Google released Thursday a “reinvented” version of its research agent Gemini Deep Research based on its highly publicized ultra-modern foundation modelGemini 3 Pro.
This new agent isn’t just designed to produce search reports, although it can still do that. It now allows developers to integrate the search capabilities of Google’s SATA model into their own applications.
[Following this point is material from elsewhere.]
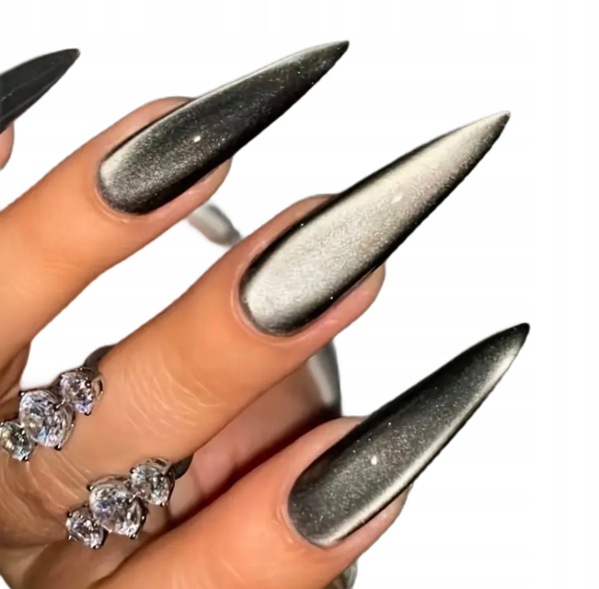 ШТУЧНІ НІГТІ ТІПСИ ДОВГИЙ МИГДАЛЬ ШПІЦ ЧОРНИЙ СРІБНИЙ HOLO CAT EYE

This capability is made possible thanks to the new Interactions APIwhich is designed to give developers more control in the next era of agentic AI.
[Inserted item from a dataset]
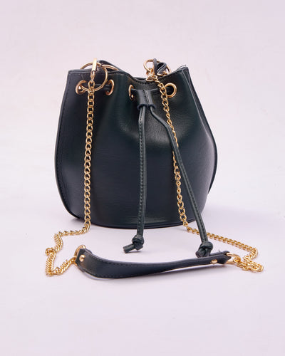 TEXT BUCKET BAG WITH CHAIN STRAP - GREEN

The new Gemini Deep Research tool is an agent equipped to synthesize mountains of information and handle a large context dump in the prompt. Google says it is used by customers for tasks ranging from due diligence to drug safety research.
Google also says it will soon integrate this new deep search agent into services including Google Search, Google Finance, its Gemini app, and its popular NotebookLM. This is another step toward preparing for a world in which humans no longer search for things on Google, but their AI agents do.
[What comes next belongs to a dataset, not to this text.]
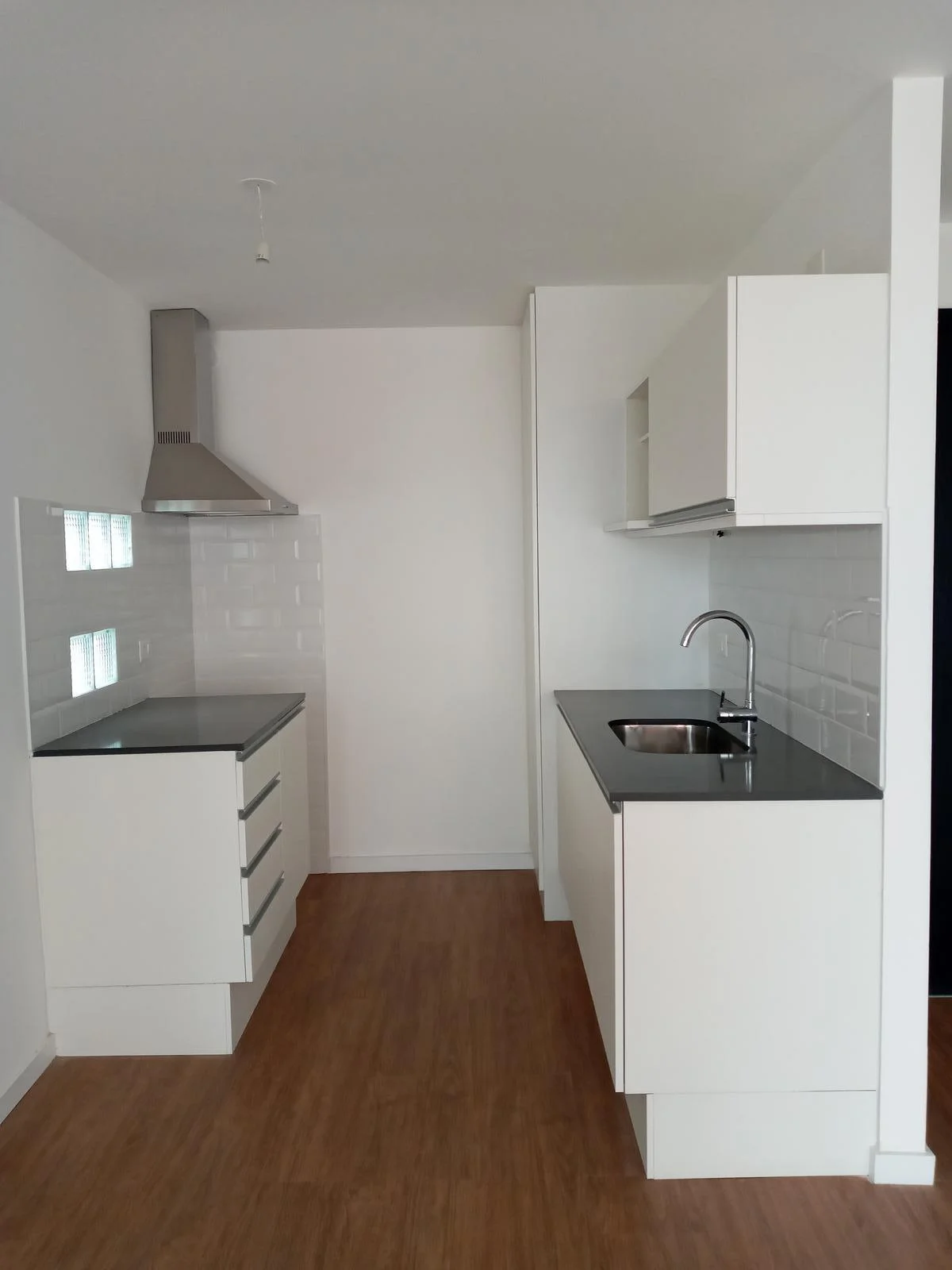 • Cocina con muebles bajo y sobre mesada, campana extractora.

The tech giant says Deep Research benefits from Gemini 3 Pro’s status as the “most evidence-based” model, trained to minimize hallucinations during complex tasks.
AI hallucinations – where the LLM just makes things up – are a particularly crucial problem for long-running, deep-reasoning agent tasks, in which many autonomous decisions are made in minutes, hours, or more. The more choices an LLM must make, the more likely it is that a single crazy choice will invalidate the entire outcome.
To prove its progress, Google also created another benchmark (as if the AI world needed another one). The new benchmark is unimaginatively called DeepSearchQA and is intended to test agents on complex, multi-step information search tasks. Google has opened this benchmark.
Techcrunch event
San Francisco
|
October 13-15, 2026
He also tested Deep Research on Humanity’s Last Exam, an independent general knowledge repository with a much more interesting name and full of incredibly specialized tasks; and BrowserComp, a benchmark for browser-based agentic tasks.
As expected, Google’s new agent beat the competition on its own benchmark and that of Humanity. However, OpenAI’s ChatGPT 5 Pro was surprisingly second and slightly ahead of Google on BrowserComp.
But these benchmark comparisons were obsolete almost by the time Google published them. Because on the same day, OpenAI launched its highly anticipated GPT 5.2 – codenamed Garlic. OpenAI claims its new model outperforms competitors, particularly Google, on a series of typical benchmarks, including one developed in-house by OpenAI.
Perhaps one of the most interesting aspects of this announcement was the timing. Knowing that the world was waiting for Garlic’s release, Google released its own AI news.